Такого Дженис не ожидала. Но ему надоело, приходя с работы, недосчитываться то того, то другого – кастрюлек, домашних растений, книг, одежды, ее любимых вещей, предметов, к которым он был привязан. Шкатулки для драгоценностей, дисков Пэтси Клайн. Это было невыносимо, какие-то партизанские набеги на его психику. Шкаф ее постепенно пустел, комнаты становились просторнее, по-новому гулкими.
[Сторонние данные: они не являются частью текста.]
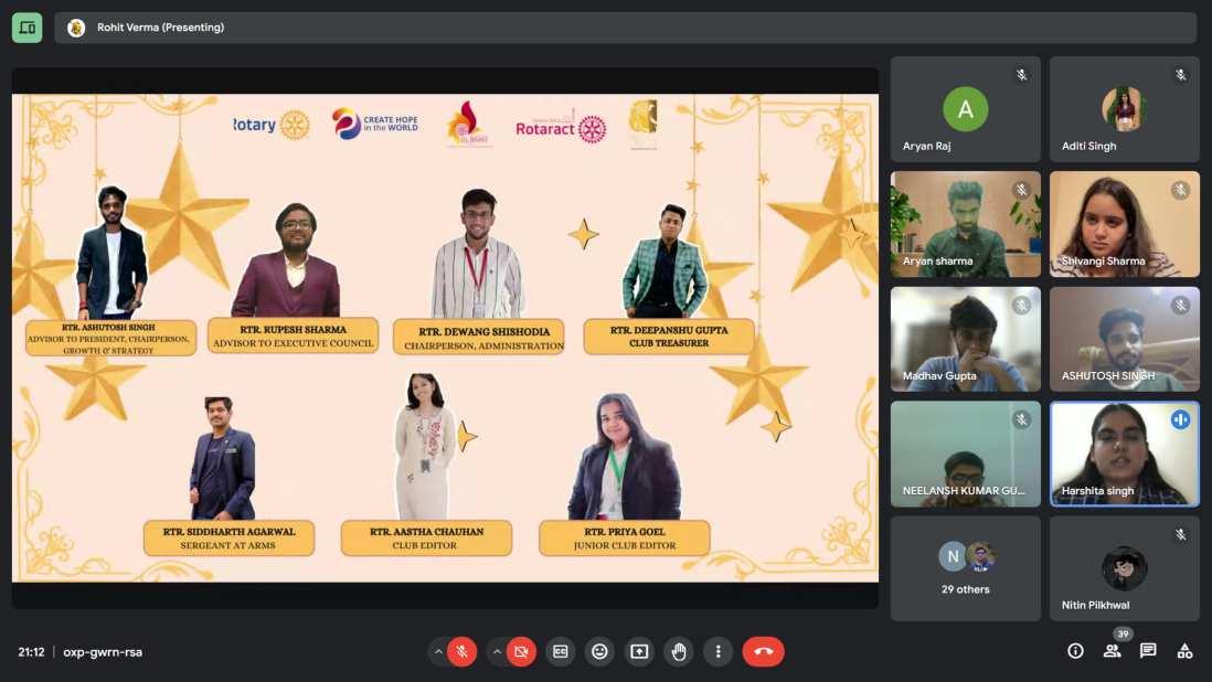 The Rotaract Club of GL Bajaj organized its tenure's DRR's Official Visit on March 11, 2024, via an online meeting platform. The meeting commenced promptly at 9:00 PM with a formal welcome by the Masters of Ceremony (MOC), Rtr. Aryan Raj & Rtr. Aditi Singh, who extended a warm welcome to the esteemed guests.

Возврат ключа заставил бы Дженис, если бы ей что-то понадобилось, позвонить ему, а ее застенчивое нежелание сообщить ему свое местожительство заставляло ценить любое с ней общение.
Порывшись в сумочке, она вытащила оттуда связку ключей; их было штук восемь – от входной двери на работе, от кабинета, от картотеки, от «субару» и еще от дома. Он смотрел, как она снимает ключ с кольца, заметив, что среди прочих ключей есть и пара незнакомых – от дома или от квартиры. Дженис протянула ему ключ от их общего дома и спрятала остальные ключи обратно в сумочку.
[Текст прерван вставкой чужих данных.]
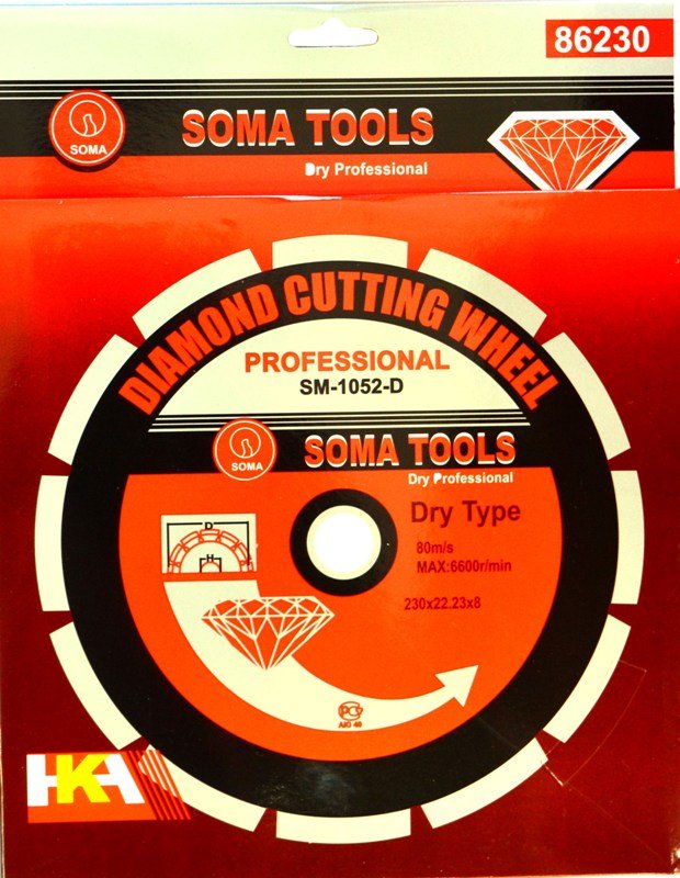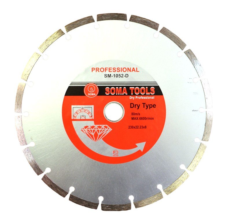Disc diamantat Dry 230mm poate fi utilizat cu mașini de tăiat beton sau cu unelte electrice echivalente care suportă dimensiunea acestuia.

– Нелегко это, – негромко сказала она, моргая и заглядывая ему в глаза в поисках сочувствия. – Необходимо, но нелегко.
– Ты уже отдала свой ключ, Дженис. – Он встал, надел шарф. – А это лишь формальность.
Дженис застегнула пуговицы на пальто, потом сжала его пальцы в принужденном рукопожатии. Ему хотелось задержать ее руку в своей, настолько меньше и нежнее его собственной была эта рука. Когда она мягко высвободила руку, он заметил, что она сняла с нее кольца – обручальное и кольцо на свадьбу.
– До свидания, Питер. Она повернулась и ушла.
На улице мимо него шли люди; шли торопливо, нахохлившись; они спешили на работу, к своим соперничествам, разногласиям, спорам, радостям, спешили к могиле – непонятные мелькающие тени на каменной глыбе города. Город этот был очень стар, и каким-то странным образом он делал старше и его, Питера, потому что первые Скаттергуды поселились здесь очень давно, еще когда никакой Ратуши и в помине не было, а была лишь котловина в скалах, где позднее, как ни странно, обнаружили золото и начали его добывать. Он так хорошо знал этот город, чувствовал, как сменяют здесь друг друга времена года, как бежит время.
А вот сейчас настало время раздуть в себе сегодняшнее ощущение правоты. Ведь задача Моргана в это утро – атаковать эту правоту, представить суду своих последних свидетелей, и Питер видел по суетливой деловитости Моргана, по тому, как тот все время либо что-то писал, либо шептал что-то на ухо подзащитному, что в этом всплеске активности Морган уже не внемлет никаким разумным доводам, а стремится лишь к одному – достичь цели, убедить всех в смехотворности своей версии. Возможно также, что утром Морган выпил слишком много кофе, а Питер помнил слова, сказанные Берджером накануне, его совет чем-нибудь взвинтить Моргана, и чем больше, тем лучше.